■ Dataset records
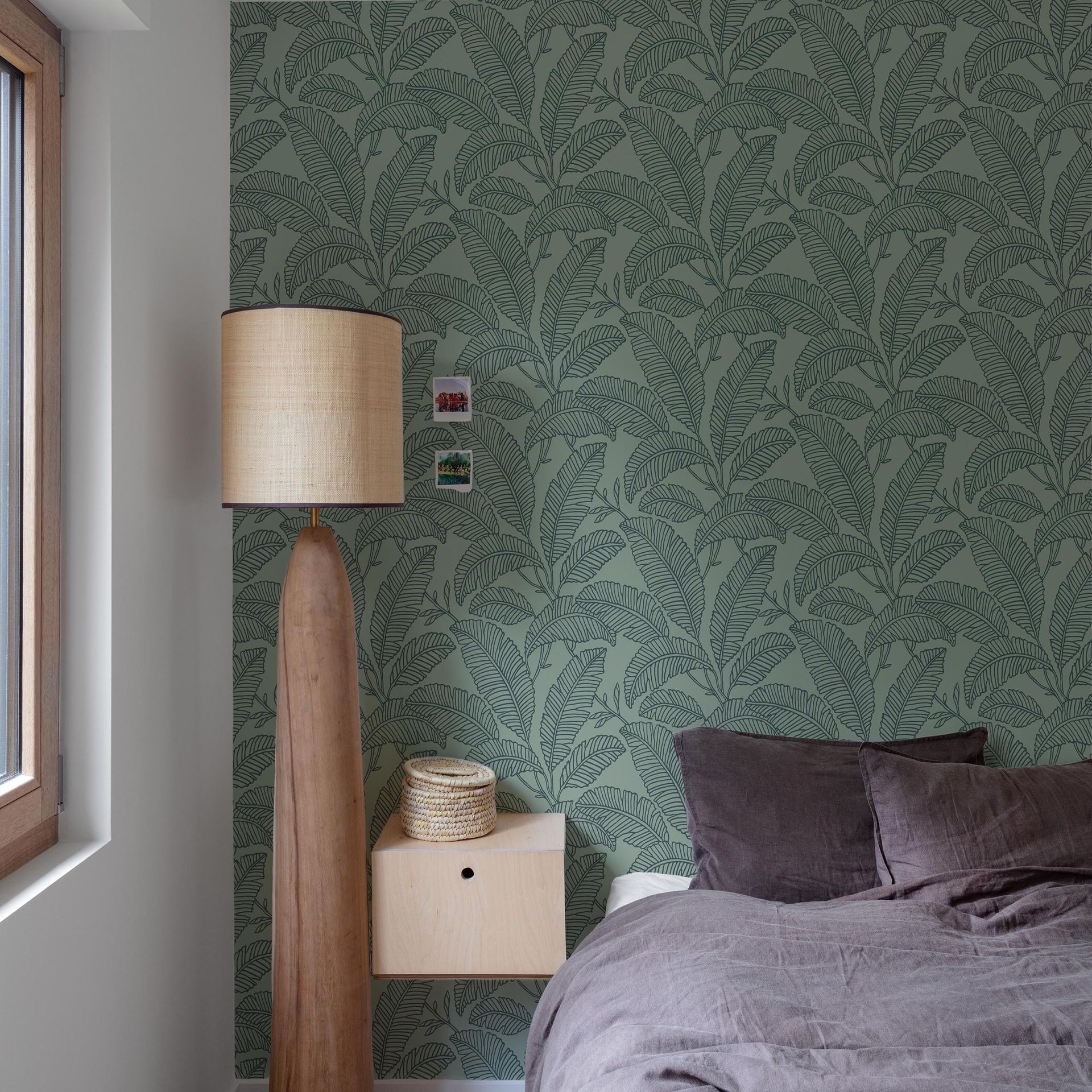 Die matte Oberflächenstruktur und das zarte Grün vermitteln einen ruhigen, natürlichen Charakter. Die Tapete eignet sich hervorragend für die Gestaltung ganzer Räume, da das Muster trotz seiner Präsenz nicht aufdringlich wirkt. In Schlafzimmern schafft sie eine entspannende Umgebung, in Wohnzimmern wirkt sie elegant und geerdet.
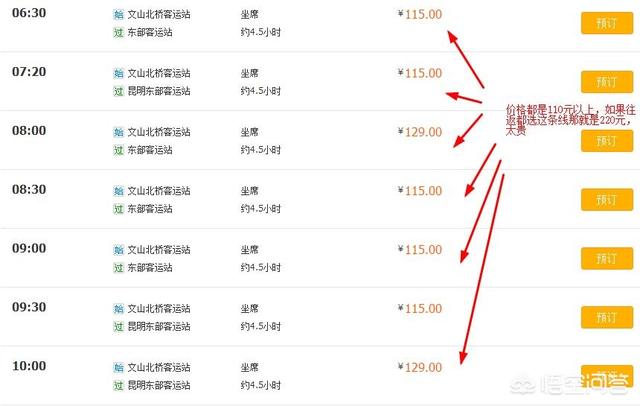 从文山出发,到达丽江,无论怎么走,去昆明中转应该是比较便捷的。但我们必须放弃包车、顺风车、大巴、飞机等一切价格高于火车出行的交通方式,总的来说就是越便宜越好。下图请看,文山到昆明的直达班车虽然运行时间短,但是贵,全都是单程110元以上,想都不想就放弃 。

...

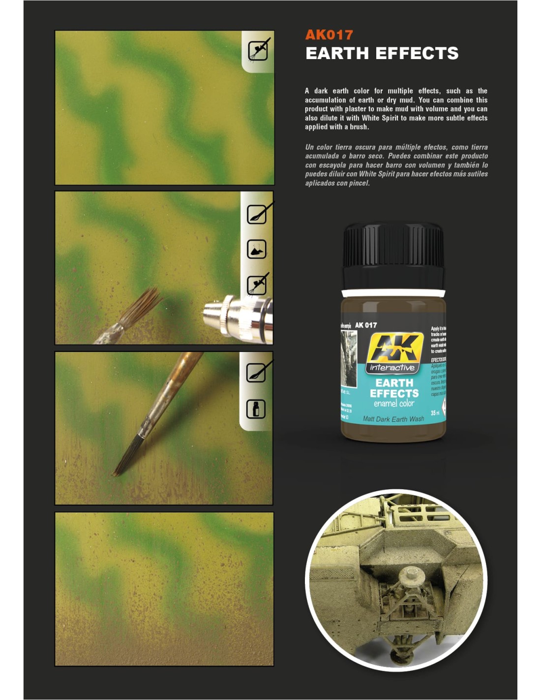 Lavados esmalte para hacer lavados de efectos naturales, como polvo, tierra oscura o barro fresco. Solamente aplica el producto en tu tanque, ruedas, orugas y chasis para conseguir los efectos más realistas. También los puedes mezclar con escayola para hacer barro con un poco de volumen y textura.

==

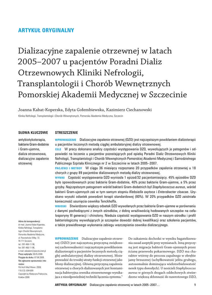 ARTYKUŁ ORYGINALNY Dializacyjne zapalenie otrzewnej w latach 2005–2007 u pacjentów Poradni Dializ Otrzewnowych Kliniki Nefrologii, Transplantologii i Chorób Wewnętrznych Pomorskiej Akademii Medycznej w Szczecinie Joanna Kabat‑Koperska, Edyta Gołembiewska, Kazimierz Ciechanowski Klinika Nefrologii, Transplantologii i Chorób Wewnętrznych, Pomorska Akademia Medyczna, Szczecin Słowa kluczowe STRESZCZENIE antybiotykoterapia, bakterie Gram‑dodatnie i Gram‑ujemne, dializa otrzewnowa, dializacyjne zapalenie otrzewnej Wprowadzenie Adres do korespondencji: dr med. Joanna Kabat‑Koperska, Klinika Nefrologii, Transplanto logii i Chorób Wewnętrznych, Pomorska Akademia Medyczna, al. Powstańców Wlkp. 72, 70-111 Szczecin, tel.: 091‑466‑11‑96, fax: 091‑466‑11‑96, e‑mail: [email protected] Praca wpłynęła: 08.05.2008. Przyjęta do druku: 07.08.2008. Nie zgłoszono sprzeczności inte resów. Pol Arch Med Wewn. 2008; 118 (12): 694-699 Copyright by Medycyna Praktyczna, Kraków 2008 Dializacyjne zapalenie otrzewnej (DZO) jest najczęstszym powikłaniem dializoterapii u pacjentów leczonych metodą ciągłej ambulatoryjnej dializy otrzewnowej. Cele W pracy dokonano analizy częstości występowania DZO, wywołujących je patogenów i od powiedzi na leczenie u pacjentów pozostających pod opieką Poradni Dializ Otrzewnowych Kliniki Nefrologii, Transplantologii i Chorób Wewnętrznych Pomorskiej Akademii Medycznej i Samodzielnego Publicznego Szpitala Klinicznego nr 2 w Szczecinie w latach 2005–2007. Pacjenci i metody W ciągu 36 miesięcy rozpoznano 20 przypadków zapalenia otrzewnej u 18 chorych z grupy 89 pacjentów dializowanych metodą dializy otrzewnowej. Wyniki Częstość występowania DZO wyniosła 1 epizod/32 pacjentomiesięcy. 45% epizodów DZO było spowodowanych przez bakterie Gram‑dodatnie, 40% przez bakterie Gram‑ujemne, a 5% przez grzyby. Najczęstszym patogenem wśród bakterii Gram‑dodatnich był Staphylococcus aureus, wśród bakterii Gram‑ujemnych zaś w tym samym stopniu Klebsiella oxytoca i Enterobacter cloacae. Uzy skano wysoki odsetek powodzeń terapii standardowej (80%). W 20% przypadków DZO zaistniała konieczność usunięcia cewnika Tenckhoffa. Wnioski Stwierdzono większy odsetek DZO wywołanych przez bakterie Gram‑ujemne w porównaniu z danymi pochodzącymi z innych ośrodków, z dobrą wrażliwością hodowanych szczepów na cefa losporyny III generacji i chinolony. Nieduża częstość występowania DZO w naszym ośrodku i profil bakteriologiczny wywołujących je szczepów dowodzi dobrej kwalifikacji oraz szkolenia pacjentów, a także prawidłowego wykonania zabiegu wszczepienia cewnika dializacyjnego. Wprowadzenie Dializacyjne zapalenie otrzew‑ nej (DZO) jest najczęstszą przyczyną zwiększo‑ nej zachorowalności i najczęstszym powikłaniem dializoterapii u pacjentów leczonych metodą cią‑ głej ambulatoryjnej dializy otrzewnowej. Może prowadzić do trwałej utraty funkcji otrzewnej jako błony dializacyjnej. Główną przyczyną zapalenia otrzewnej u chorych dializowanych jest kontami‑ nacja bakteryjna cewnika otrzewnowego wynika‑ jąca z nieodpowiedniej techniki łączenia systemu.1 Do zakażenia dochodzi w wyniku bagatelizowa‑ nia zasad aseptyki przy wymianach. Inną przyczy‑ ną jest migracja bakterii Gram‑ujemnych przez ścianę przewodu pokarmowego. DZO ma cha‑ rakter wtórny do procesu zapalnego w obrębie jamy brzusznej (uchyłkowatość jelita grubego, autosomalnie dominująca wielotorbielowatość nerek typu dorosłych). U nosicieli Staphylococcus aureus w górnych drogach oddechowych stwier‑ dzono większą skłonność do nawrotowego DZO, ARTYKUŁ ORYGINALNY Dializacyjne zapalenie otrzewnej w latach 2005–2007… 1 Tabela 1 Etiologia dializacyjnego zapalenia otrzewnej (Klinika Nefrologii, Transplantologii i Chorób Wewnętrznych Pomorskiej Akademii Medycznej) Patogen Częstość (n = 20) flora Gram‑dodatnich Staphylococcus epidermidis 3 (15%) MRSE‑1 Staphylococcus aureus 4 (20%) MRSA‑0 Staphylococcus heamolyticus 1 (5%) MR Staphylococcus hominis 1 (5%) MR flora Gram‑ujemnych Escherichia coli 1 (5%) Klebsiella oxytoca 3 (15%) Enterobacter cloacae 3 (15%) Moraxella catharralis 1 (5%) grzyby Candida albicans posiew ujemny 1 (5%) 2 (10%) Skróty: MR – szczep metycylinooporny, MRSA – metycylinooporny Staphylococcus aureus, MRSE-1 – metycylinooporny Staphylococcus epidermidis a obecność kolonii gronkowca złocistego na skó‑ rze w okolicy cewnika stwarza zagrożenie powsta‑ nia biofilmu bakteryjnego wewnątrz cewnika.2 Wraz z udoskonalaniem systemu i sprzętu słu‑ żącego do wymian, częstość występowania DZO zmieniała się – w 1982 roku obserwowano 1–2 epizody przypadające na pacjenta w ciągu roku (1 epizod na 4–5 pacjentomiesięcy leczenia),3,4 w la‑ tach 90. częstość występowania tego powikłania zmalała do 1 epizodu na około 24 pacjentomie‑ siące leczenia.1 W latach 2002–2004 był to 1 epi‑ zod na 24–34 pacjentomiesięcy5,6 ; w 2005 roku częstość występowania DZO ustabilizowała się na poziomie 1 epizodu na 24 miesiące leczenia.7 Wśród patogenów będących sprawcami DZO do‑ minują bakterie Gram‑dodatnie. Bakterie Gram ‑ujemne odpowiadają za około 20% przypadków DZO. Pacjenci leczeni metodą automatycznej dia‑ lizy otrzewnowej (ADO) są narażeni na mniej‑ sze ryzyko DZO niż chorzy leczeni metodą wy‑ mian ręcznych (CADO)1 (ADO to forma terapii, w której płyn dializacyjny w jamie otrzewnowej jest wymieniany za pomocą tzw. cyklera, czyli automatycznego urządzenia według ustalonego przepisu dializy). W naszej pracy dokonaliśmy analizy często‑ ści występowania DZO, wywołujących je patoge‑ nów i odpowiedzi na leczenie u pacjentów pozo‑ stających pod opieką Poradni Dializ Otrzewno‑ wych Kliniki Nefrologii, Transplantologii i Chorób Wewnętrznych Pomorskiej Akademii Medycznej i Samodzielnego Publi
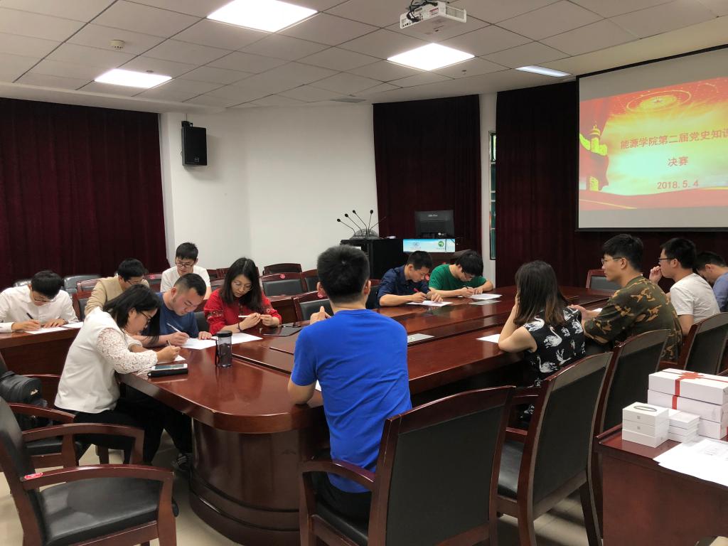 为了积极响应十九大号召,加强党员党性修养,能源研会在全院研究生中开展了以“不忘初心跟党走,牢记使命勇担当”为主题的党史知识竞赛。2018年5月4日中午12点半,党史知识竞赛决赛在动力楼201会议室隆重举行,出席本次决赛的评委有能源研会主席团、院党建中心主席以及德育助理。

■ Required action
Using the data above, set down each line from the line with "Die matte Oberflächenstruktur" to the line with "从文山出发,到达丽江,无论怎" exactly, both ends included, and leave the pictures behind. Nothing else belongs.

■ Reply
 Die matte Oberflächenstruktur und das zarte Grün vermitteln einen ruhigen, natürlichen Charakter. Die Tapete eignet sich hervorragend für die Gestaltung ganzer Räume, da das Muster trotz seiner Präsenz nicht aufdringlich wirkt. In Schlafzimmern schafft sie eine entspannende Umgebung, in Wohnzimmern wirkt sie elegant und geerdet.
 从文山出发,到达丽江,无论怎么走,去昆明中转应该是比较便捷的。但我们必须放弃包车、顺风车、大巴、飞机等一切价格高于火车出行的交通方式,总的来说就是越便宜越好。下图请看,文山到昆明的直达班车虽然运行时间短,但是贵,全都是单程110元以上,想都不想就放弃 。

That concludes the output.